Thread
#prefect-community
    m

    Michiel Verburg

    3 months ago
    I thought I got the gist of subflows, but as I read the docs (concepts specifically: https://orion-docs.prefect.io/concepts/flows/#subflows) I am starting to think I am wrong again. So the use case is the following:
    @task
    def for_loop_B(category):
      for item_i in category.items:
         load_item(item_i)
         store_item(item_i)
    
    @flow
    def for_loop_A()
      categories = retrieve_all_categories()
      for category_i in categories:
        for_loop_B(category_i)
    Doing the above seemed wrong, because also (by default at least) tasks or flows would fail just because one internal step failed. Additionally, the processing of the categories is fully independent. So I thought,
    for_loop_B
    should also be a flow, and
    load_item
    and
    store_item
    should be tasks for example. However, I got confused because of what the docs mention: “Unlike tasks, subflows will block until completion with all task runners.“. I want the processing of items within a category to happen sequentially, but multiple categories can be processed in parallel, how can I make that happen? Also, can tasks be nested within tasks for that matter?
    Anna Geller

    Anna Geller

    3 months ago
    Tasks cannot have tasks, but it can have custom non-task functions being called inside
    I want the processing of items within a category to happen sequentially, but multiple categories can be processed in parallel, how can I make that happen?
    You could try those two options:1. the single category processing can be a subflow with SequentialTaskRunner, and then your main flow can run subflows concurrently 2. You could call your categories with concurrent task runner, and each category can have no for loop, only calling things that need to be processed sequentially one by one (only with a for loop Prefect would try to run things in parallel/concurrently)
    m

    Michiel Verburg

    3 months ago
    So since in my case the subflows are dynamic, would I write a flow with a for-loop, maintain a parallel_subflowslist variable and add the subflows to there, and then after the for-loop do the
    *await* asyncio.gather(*parallel_subflows)
    ? And, currently I also still need to put
    async
    in front of the subflows then correct?
    Anna Geller

    Anna Geller

    3 months ago
    correct, for now running subflows in parallel only work with async
    correct, for now running subflows in parallel only works with async
    m

    Michiel Verburg

    3 months ago
    Actually, I realize I am being a little silly here, but so now I want to then double check:
    @task
    def for_loop_B(category):
      for item_i in category.items:
         load_item(item_i)
         store_item(item_i)
    
    @flow(task_runner=ConcurrentTaskRunner())
    def for_loop_A()
      categories = retrieve_all_categories()
      for category_i in categories:
        for_loop_B(category_i)
    Does the above not actually achieve what I want? (It is so easy if it is, that’s why I am calling myself silly xD, and is that also what you meant with your second bulletpoint?) Because, in the above case, the flow runs the tasks (i.e. categories) concurrently, but for category, the steps are executed sequentially then?
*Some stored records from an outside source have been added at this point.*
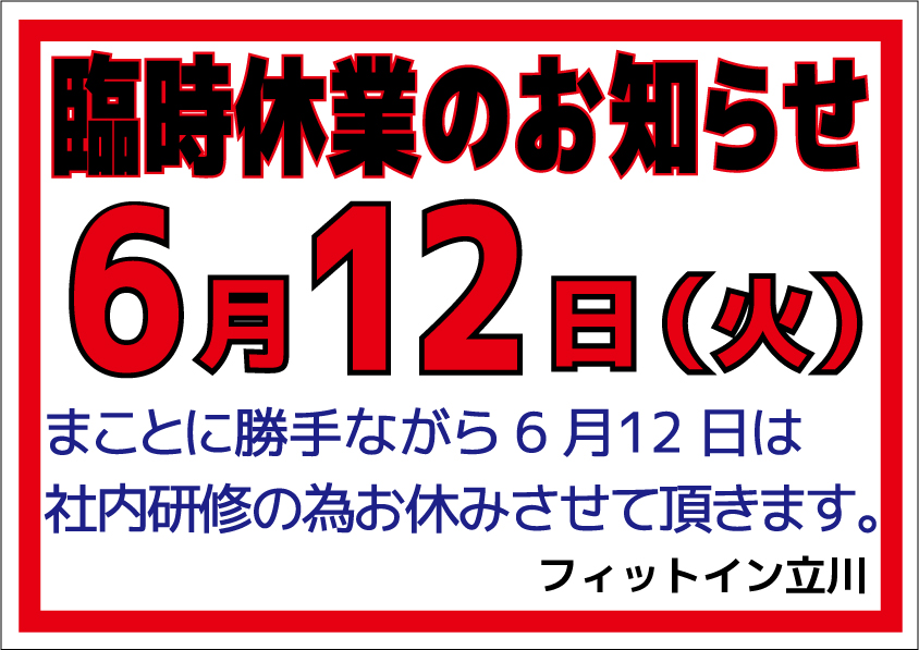 臨時休業のお知らせ <2018年6月12日(火)>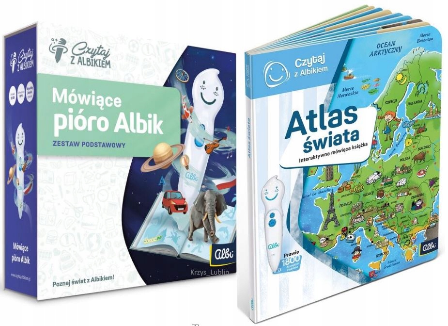 Read with Albik — це серія книжок, ігор та головоломок, які потребують використання електронної ручки Albik. Ви купуєте ручку лише один раз, і вона працює з усіма книгами серії. Для нових публікацій вам потрібно завантажити нове безкоштовне програмне забезпечення. Розмовну ручку можна придбати окремо або в комплекті з вибраною книгою.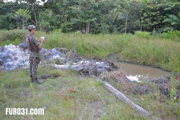 Os analistas constataram que uma grande área estava sendo desmatada com a derrubada de árvores da vegetação nativa e esgotamento de brejos, ações estas, que vinha sendo realizadas com o auxilio de uma maquina retroescavadeira, que foi encontrada no local. O dono da propriedade não foi encontrado e ninguém estava na propriedade no momento da fiscalização.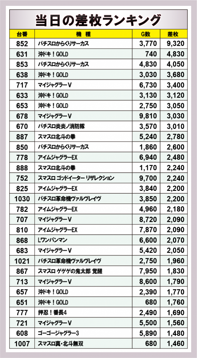 優秀台には幅広い機種群が名を連ねており、誰もが手応えを感じていたのではないだろうか。力強くレバーを叩いた結果、『パチスロからくりサーカス』で万枚OVER台が発生。さらに、『沖ドキ!GOLD』『マイジャグラーⅤ』『パチスロ炎炎ノ消防隊』から+3~4,000枚をマークするなど、まとまった出玉を獲得したファンが笑顔を浮かべていた様子が窺えた。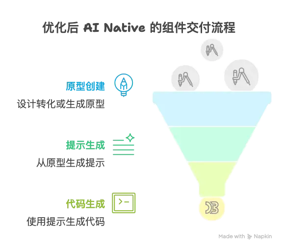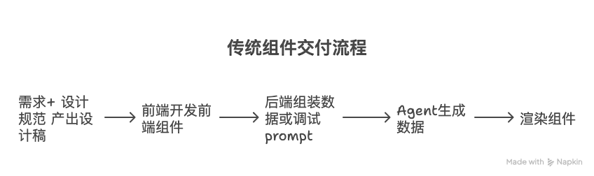 传统的组件交付流程: 设计师根据需求产出设计稿,前端开发者拿到设计稿后开发前端组件,然后组装对应的数据或调试prompt让Agent生成组件所需的数据来渲染组件。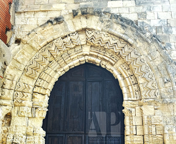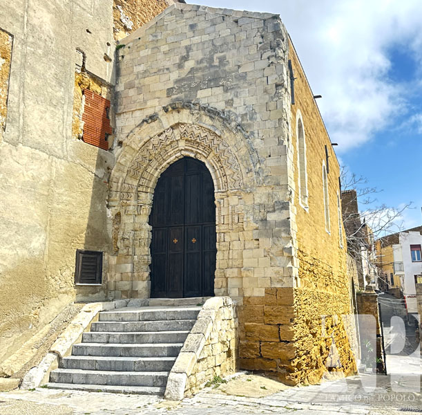 Tale portale, realizzato da biocalcarenite gessosa, è costituito da una pregevole soluzione di conci a barre ed esili colonne cilindriche sormontati da capitelli corinzi, con una ricchezza d’intaglio tipica dell’arte chiramontana. Le tre ghiere che racchiudono l’arco a sesto acuto presentano dedecorazioni differenti: la prima contiene motivi floreali; la seconda presenta motivi a linee spezzate, a zig-zag; la terza, ormai completamente disgregata, conteneva una fila di stelle a quattro punte. Il resto del prospetto è caratterizzato dall’uso di una pietra diversa, utilizzata da Valenti nel restauro del 1920. Trattasi probabilmente della pietra di Comiso, molto simile alla biocalcarenite gessosa ma più consistente”. (cfr.agrigentodoc.it)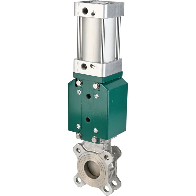 Konstruktion und Werkstoffe des Tores Elephant GVK3131E-2W-Fb-2P PSI232, Zwischenflansch, Gehäusematerial - Edelstahl AISI 304, mit pneumatischem Antrieb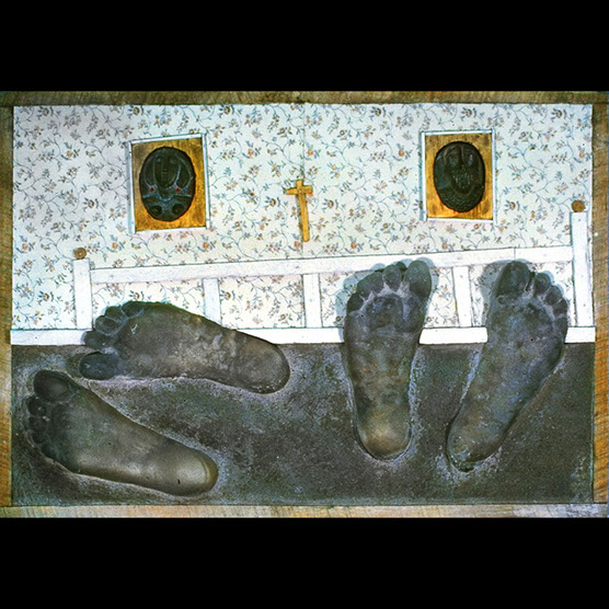 "The Johnsons" , 87 , 21" x 29" , Cast glass, mixed media.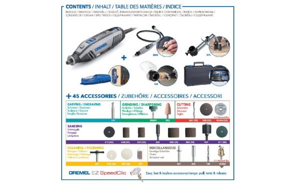 - Εκτελέστε την ευρύτερη γκάμα εφαρμογών σε οποιοδήποτε υλικό χάρη στη συμβατότητά του με όλα τα εξαρτήματα και προσαρτήματα της Dremel, συμπεριλαμβανομένου του EZ SpeedClicκαι της νέας γκάμας των εξαιρετικά ανθεκτικών εξαρτημάτων Dremel MAX.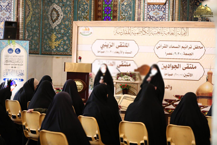 نظمت وحدة الإرشاد الديني والشؤون القرآنية النسوية التابعة لمركز القرآن الكريم في العتبة الكاظمية المقدسة وبالتعاون مع دار القرآن الكريم في العتبة الحسينية المقدسة/ وحدة النشاط القرآني النسوي محفل تراتيل السماء، في رحاب رواق السيدة آمنة بنت وهب "عليها السلام" في الصحن الكاظمي الشريف، والذي استضاف في جلسته نخبة من السيدات الفاضلات من قارئات وحافظات العتبة الحسينية المقدسة.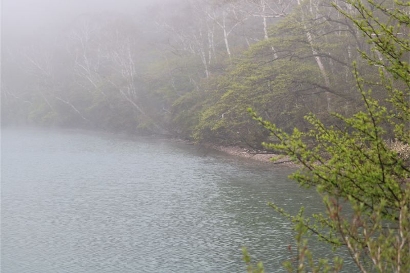 先程とは別の小沼の畔に戻ってきたころには雨も小雨となり、視界もクリアになってきました。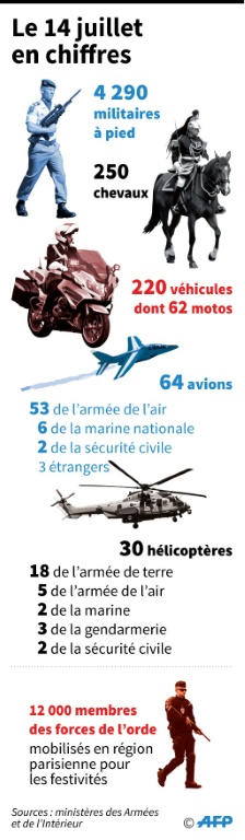 Le président Emmanuel Macron, dont c'est le deuxième défilé depuis son élection en mai 2017, descendra vers 10h00 (08H00 GMT) la célèbre avenue parisienne à bord d'un "command car", avant de rejoindre la tribune présidentielle place de la Concorde d'où il assistera aux festivités.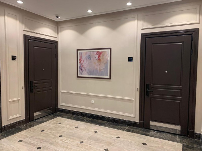 21 декабря состоялась торжественная сдача первой очереди. Комплекс состоит из трех блоков: одного 6-этажного и двух башен высотой 22 этажа. Малоэтажный относится к категории премиум: здесь всего шесть квартир, по одной-две на площадке, высота потолков - 3,3 метра, а в квартирах установлены электрозамки. Во всем остальном они идентичны. Так, во всех блоках будут консьержи, предусмотрена зона ожидания для гостей, в которой есть даже санузел.

Or what is the default behavior for code inside a task, because I could not find that anywhere. Because I guess I confused myself as well with the TaskRunner and FlowRunner stuff, thinking TaskRunner would be specified on the task for some silly reason.
    Hi @Anna Geller, I was wondering if the above was correct what I said?
    Anna Geller

    Anna Geller

    2 months ago
    there is no parallelism within a task itself - the task runner interface can execute task runs concurrently but this is something that you can configure on a flow level for tasks called within that flow - does it answer your question @Michiel Verburg?
    • flow runner decides how to deploy/execute your flow • task runner decides how to execute your tasks
    m

    Michiel Verburg

    2 months ago
    Yeah that answers my question indeed, thanks!